* Source material *
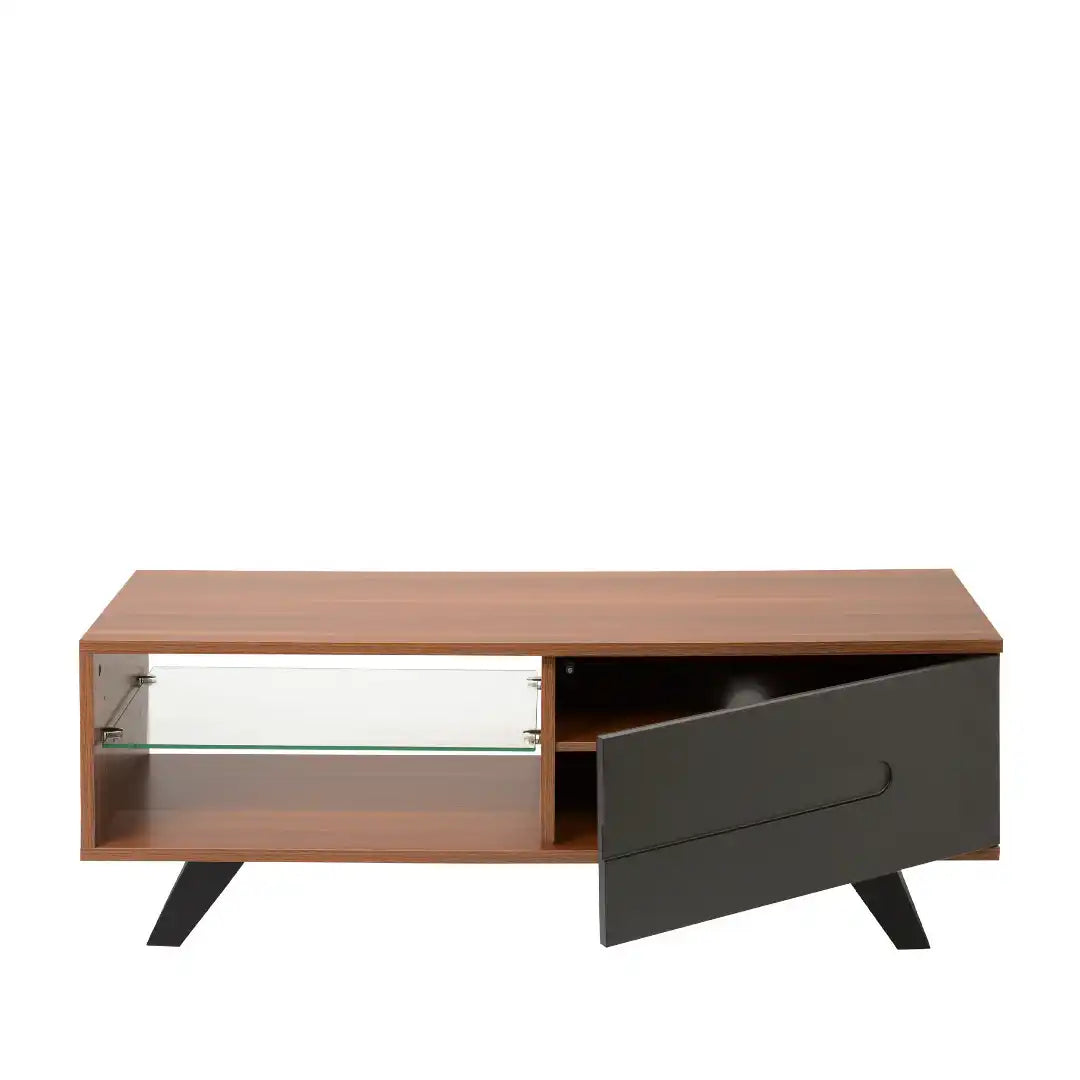 Modern-style TV cabinet combines an open area with a glass shelf and a storage cupboard with a contrasting satin-painted soft close door.
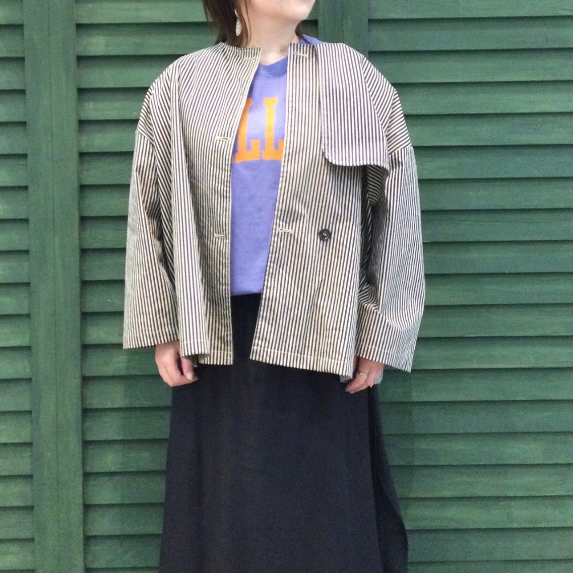 ノーカラーラウンドネックデザインなので、シャツやブラウン、Tシャツ等いろんなトップスとの相性がよく、フェイス周りをスッキリ見えに◎
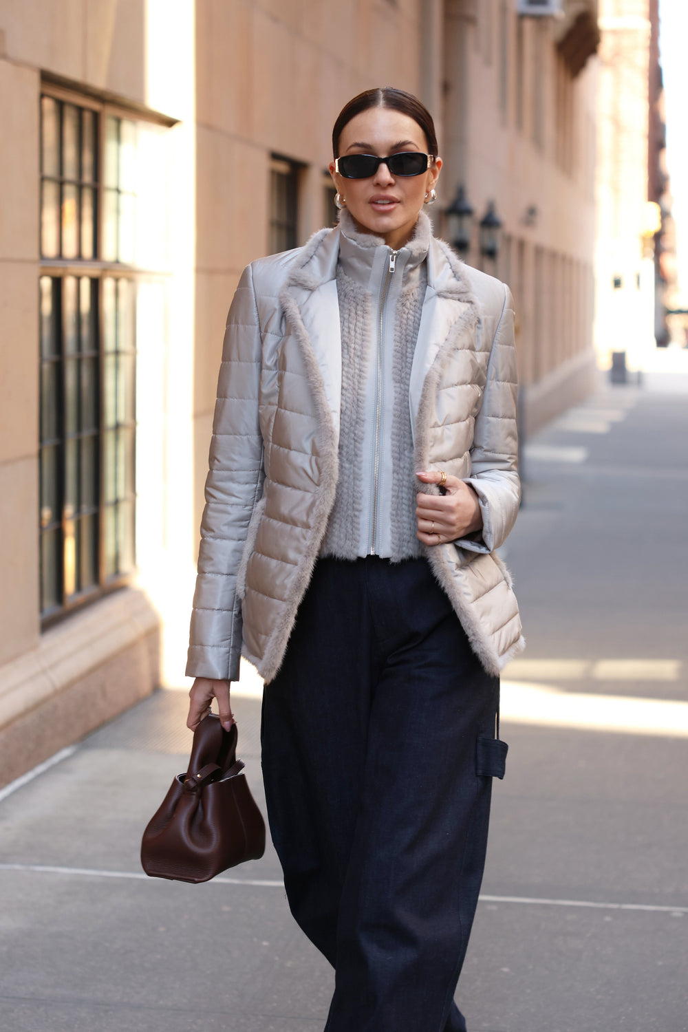 This classic mid-length jacket is made from waterproof nylon and features light padding in a slim-fit design. It has a lapel collar adorned with fur trimming and combines sleek lines with high performance. The jacket also includes a removable inner bodice that boasts luxurious, sustainable mink fur trim, which can be detached on warmer days.

* Work item *
Once the pictures are removed, print all the remaining data exactly as it stands.

* Answer to this exercise *
 Modern-style TV cabinet combines an open area with a glass shelf and a storage cupboard with a contrasting satin-painted soft close door.
 ノーカラーラウンドネックデザインなので、シャツやブラウン、Tシャツ等いろんなトップスとの相性がよく、フェイス周りをスッキリ見えに◎
 This classic mid-length jacket is made from waterproof nylon and features light padding in a slim-fit design. It has a lapel collar adorned with fur trimming and combines sleek lines with high performance. The jacket also includes a removable inner bodice that boasts luxurious, sustainable mink fur trim, which can be detached on warmer days.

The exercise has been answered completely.